----- DATASET EXCERPTS -----
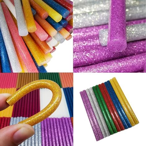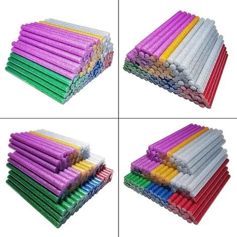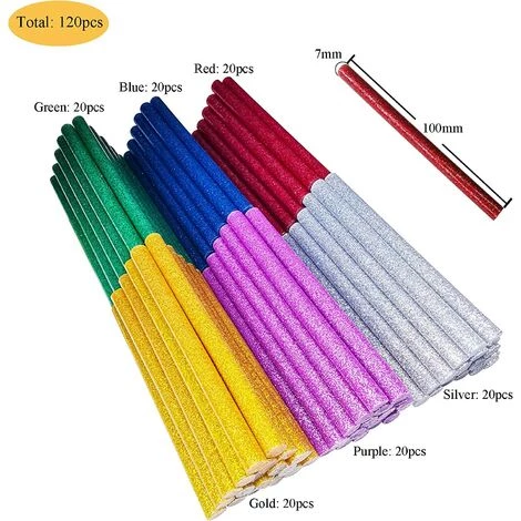 Un total de 120 Pices Btons de Colle Chaude. Contient 6 couleurs de paillettes: or, argent, rouge, bleu, vert, violet, chaque couleur 20 pices. Ces couleurs sont trs populaires, elles sont fantastiques et lumineuses. .
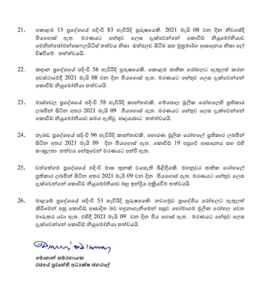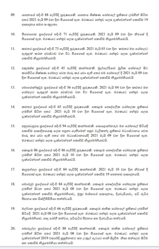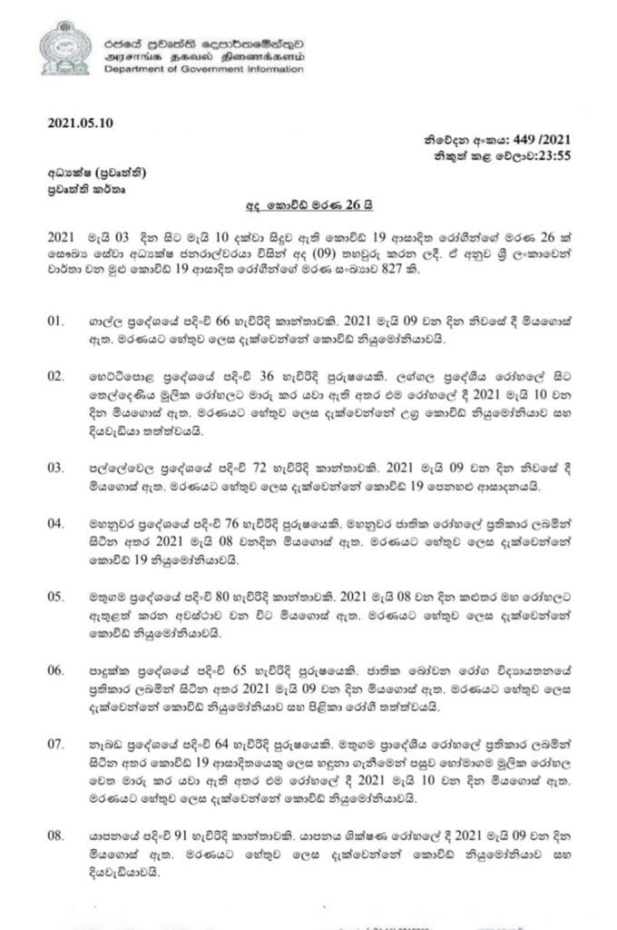 ඉතිරි මරණ 25 වාර්තා වී ඇගාල්ල, හෙට්ටිපොළ, පල්ලේවෙල , මහනුවර, මතුගම, පාදුක්ක, නෑබඩ (මරණ දෙකයි), යාපනය (මරණ දෙකයි), මීගහගොඩ, කළුතර , අකුරැස්ස, මොරොන්තුඩුව, කළුතර, අනුරධපුරය, කොළඹ – 6, කලුඅග්ගල, මොරටුව, මල්වාන, බොරැල්ල, කොළඹ- 15, කඳාන, මාස්වෙල, වත්තේගම, මාලඹේ යන ප්රදේශ වලින් වේ . ඒ අනුව මෙරට සමස්ත කොවිඩ් -19 මරණ සංඛ්යාව 827 ක් දක්වා ඉහළ ගියේ ය.
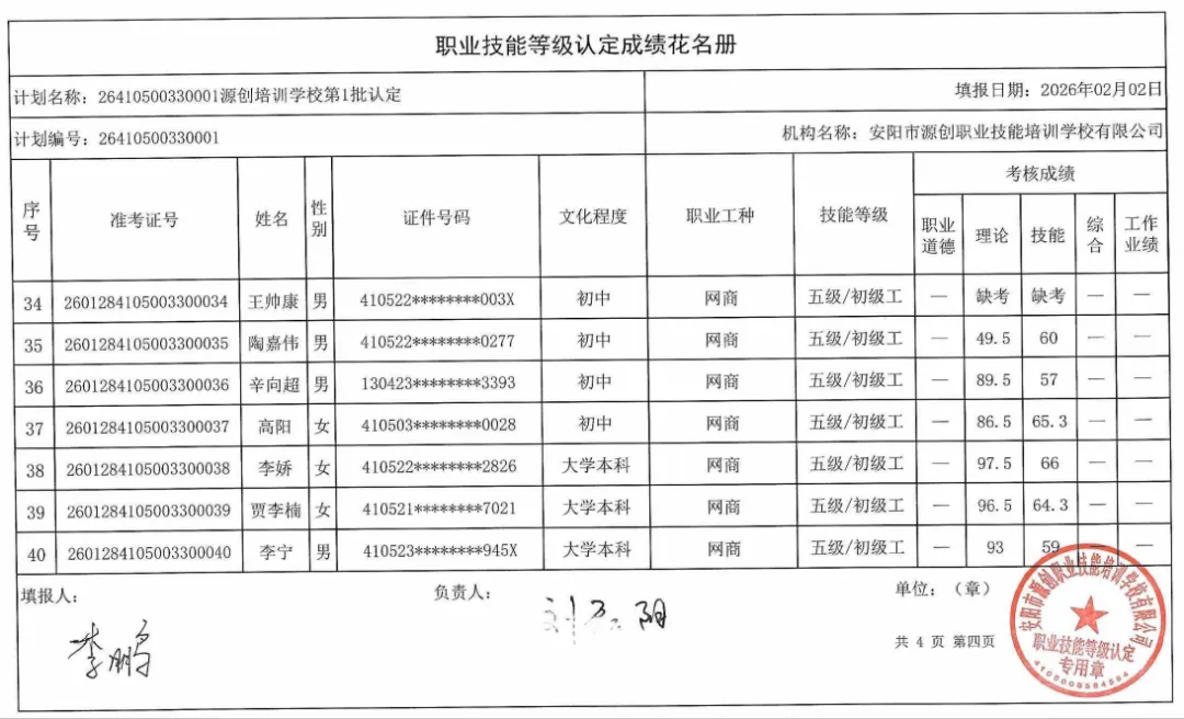 2026年2月2日安阳市源创职业技能培训学校第1批职业技能等级认定工作圆满结束,本批考试学员共计40人,考试职业工种为初级电子商务师现将考试学员成绩予以公示。
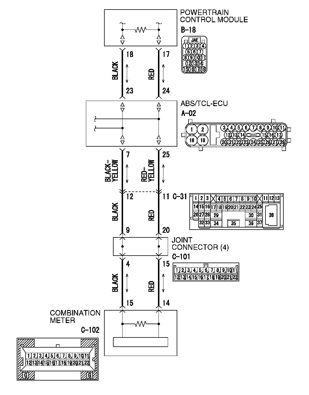 1. Disconnect ABS/TCL-ECU connector A-02 and powertrain control module connector B-18, and measure the resistance between each wiring harness side connector.
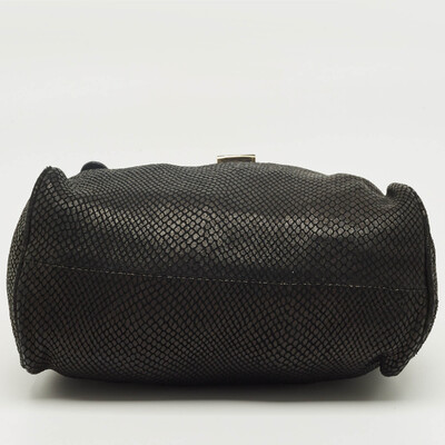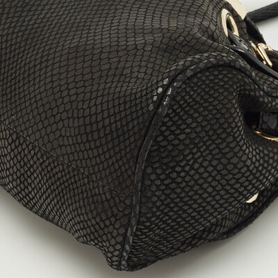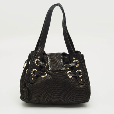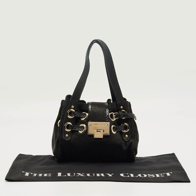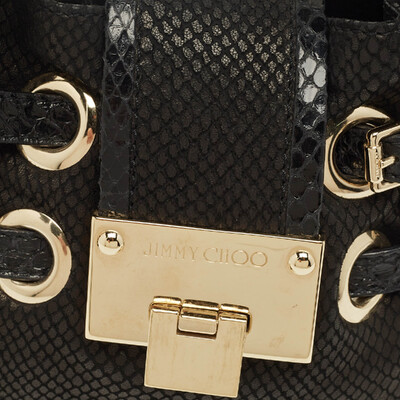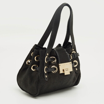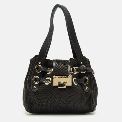 This Jimmy Choo Mini Riki tote is made from black snakeskin embossed leather, featuring dual handles and buckle detailing. The compact form and glossy texture make it a chic accessory for day or night. A sophisticated expression of modern glamour.
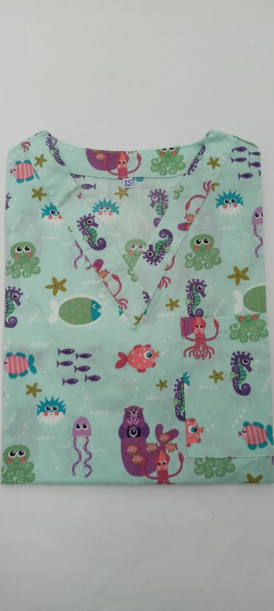 Casacca green medico verde pesci di mare in cotone e poliestere con due tasche e taschino porta penna. Varie Taglie: XS lunghezza tot. 71,5 – petto 108, S lunghezza tot. 73- petto 113, M lunghezza tot. 74,5- petto 118, L lunghezza tot. 76 – petto 123, XL lunghezza tot. 77,5- petto 128
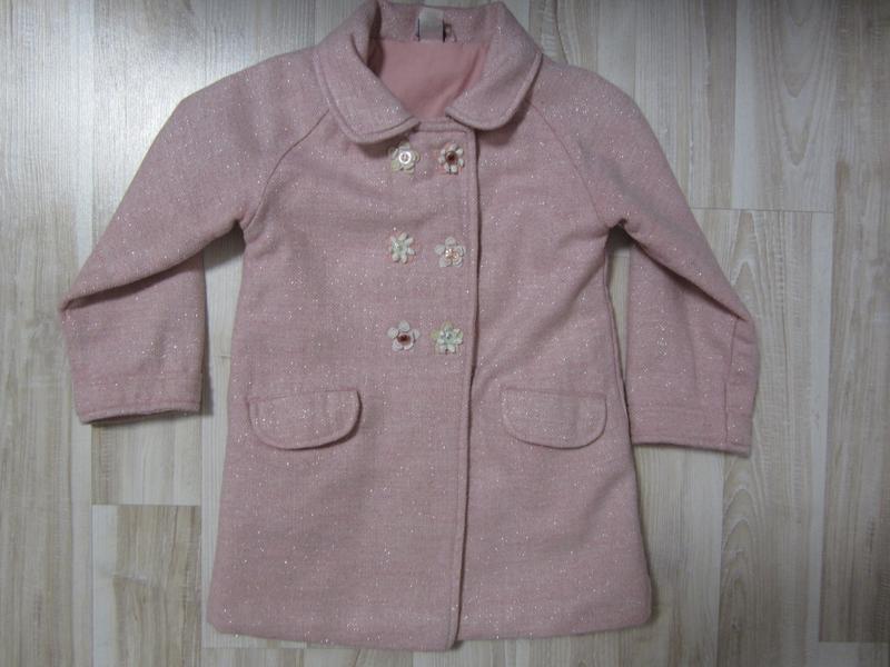 Демі Пальто на кнопках рожевого кольору з ниткою люрекс на вік 3-4г є кишені складу на фото виміри пог-34 довжина-52 рукав від горла-42 гарний стан повернення немає
-----
Across the whole listing, reproduce each line verbatim and exclude every picture.

 Un total de 120 Pices Btons de Colle Chaude. Contient 6 couleurs de paillettes: or, argent, rouge, bleu, vert, violet, chaque couleur 20 pices. Ces couleurs sont trs populaires, elles sont fantastiques et lumineuses. .
 ඉතිරි මරණ 25 වාර්තා වී ඇගාල්ල, හෙට්ටිපොළ, පල්ලේවෙල , මහනුවර, මතුගම, පාදුක්ක, නෑබඩ (මරණ දෙකයි), යාපනය (මරණ දෙකයි), මීගහගොඩ, කළුතර , අකුරැස්ස, මොරොන්තුඩුව, කළුතර, අනුරධපුරය, කොළඹ – 6, කලුඅග්ගල, මොරටුව, මල්වාන, බොරැල්ල, කොළඹ- 15, කඳාන, මාස්වෙල, වත්තේගම, මාලඹේ යන ප්රදේශ වලින් වේ . ඒ අනුව මෙරට සමස්ත කොවිඩ් -19 මරණ සංඛ්යාව 827 ක් දක්වා ඉහළ ගියේ ය.
 2026年2月2日安阳市源创职业技能培训学校第1批职业技能等级认定工作圆满结束,本批考试学员共计40人,考试职业工种为初级电子商务师现将考试学员成绩予以公示。
 1. Disconnect ABS/TCL-ECU connector A-02 and powertrain control module connector B-18, and measure the resistance between each wiring harness side connector.
 This Jimmy Choo Mini Riki tote is made from black snakeskin embossed leather, featuring dual handles and buckle detailing. The compact form and glossy texture make it a chic accessory for day or night. A sophisticated expression of modern glamour.
 Casacca green medico verde pesci di mare in cotone e poliestere con due tasche e taschino porta penna. Varie Taglie: XS lunghezza tot. 71,5 – petto 108, S lunghezza tot. 73- petto 113, M lunghezza tot. 74,5- petto 118, L lunghezza tot. 76 – petto 123, XL lunghezza tot. 77,5- petto 128
 Демі Пальто на кнопках рожевого кольору з ниткою люрекс на вік 3-4г є кишені складу на фото виміри пог-34 довжина-52 рукав від горла-42 гарний стан повернення немає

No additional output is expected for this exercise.